Most servicemembers do not see themselves as responsible for Iraq’s troubles; instead, they view themselves as the element opposing corruption and sectarian troubles through fighting, building infrastructure and training Iraq’s security forces.
Sgt. Christopher Mendez, of Yuma, Ariz., served his final Iraq tour during 2011 in Basra with Hackett, and his first tour in 2004.
The first time Mendez rode through the gate during that initial tour at Camp Cuervo, in Baghdad’s northeast, a rocket-propelled grenade whizzed by his window.
“That’s when it became real, that these guys really want to kill me,” Mendez said. “Every day before we rolled out the gate, I’d think, ‘Is this the day?’ For the whole year, it was like that every single day.”
Later in his tour, Mendez stepped out of his vehicle when a mortar landed, sending six pieces of shrapnel into his leg. He was hospitalized for four months, and then returned to his unit.
Mendez said the tour was so intense that he has blocked parts of it out of his mind.
He then talked about the decreases in violence since the darkest days of the insurgency, and concluded that the war was worth fighting.
“One view is that it really is better,” Mendez said. “The other side is that you’re internally justifying it. You force yourself to look at the good, so it’s justified. I’d like to say I avoided doing that.”

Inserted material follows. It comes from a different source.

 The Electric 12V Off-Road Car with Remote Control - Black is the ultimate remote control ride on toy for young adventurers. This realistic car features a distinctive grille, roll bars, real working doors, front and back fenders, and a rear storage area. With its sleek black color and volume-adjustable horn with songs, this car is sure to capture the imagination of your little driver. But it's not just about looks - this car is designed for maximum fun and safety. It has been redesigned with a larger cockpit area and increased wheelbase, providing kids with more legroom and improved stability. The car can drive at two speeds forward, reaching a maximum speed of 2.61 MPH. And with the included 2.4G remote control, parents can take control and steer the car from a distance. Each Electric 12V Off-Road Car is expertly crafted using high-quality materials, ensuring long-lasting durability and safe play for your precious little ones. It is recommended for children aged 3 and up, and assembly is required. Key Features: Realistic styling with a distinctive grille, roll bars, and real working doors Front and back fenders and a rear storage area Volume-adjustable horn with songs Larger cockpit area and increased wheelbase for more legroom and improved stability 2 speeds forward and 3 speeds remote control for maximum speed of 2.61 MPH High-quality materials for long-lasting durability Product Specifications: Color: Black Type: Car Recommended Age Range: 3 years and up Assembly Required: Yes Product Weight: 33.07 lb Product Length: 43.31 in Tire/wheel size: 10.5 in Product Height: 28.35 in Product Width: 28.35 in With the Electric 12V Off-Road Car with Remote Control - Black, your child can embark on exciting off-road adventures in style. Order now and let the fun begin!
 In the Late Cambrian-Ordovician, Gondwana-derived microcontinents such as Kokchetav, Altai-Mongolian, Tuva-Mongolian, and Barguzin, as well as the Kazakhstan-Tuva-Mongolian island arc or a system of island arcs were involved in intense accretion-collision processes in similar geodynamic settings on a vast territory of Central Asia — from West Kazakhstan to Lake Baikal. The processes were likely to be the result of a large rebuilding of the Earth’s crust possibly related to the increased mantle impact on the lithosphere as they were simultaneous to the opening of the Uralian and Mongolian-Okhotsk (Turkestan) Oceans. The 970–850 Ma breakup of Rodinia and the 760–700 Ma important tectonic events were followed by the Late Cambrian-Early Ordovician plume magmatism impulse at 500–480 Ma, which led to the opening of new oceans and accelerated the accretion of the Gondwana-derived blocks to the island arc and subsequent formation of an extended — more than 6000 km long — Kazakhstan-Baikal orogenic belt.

Sgt. William Daniel, of Orlando, Fla., who spent 2011 at Contingency Operating Site Kalsu and 2009 at the renamed Joint Service Station War Eagle in Sadr City, thinks that many servicemembers are rationalizing the war’s worth, without admitting it.
“I think you almost have to, especially if you’re going to stay and re-enlist,” said Daniel, of 2nd Battalion, 5th Cavalry Regiment, 1st Cavalry Division. “Soldiers, they do have to convince themselves. Either they’re struggling with it, or they actually think they’re doing something good.”
Daniel remains proud of how well the Army held together during the war, but he believes that the cost in terms of lives, effort and money wasn’t worth the result.
“I don’t really see any benefit for the United States at all,” Daniel said.
The benefit prior to the invasion was supposed to be the removal of the threat of weapons of mass destruction.
That threat proved empty.
The benefit espoused by political leaders then shifted to the idea that a stable Iraqi ally in the Middle East would serve America’s interests. But when servicemembers were asked what made the war worth it, that rarely came up.
Giving an oppressed people a shot at a better life was the most common response.
“I’m excited to see what the Iraqis can do, actually,” said Sgt. Michael Ashby, of Columbiana, Ohio, and the 115th Brigade Support Battalion, 1st Cavalry Division. “We’ll see if all the training we actually gave them will pay off, and if they can sustain it. Yes, it’s worth it. It better be.”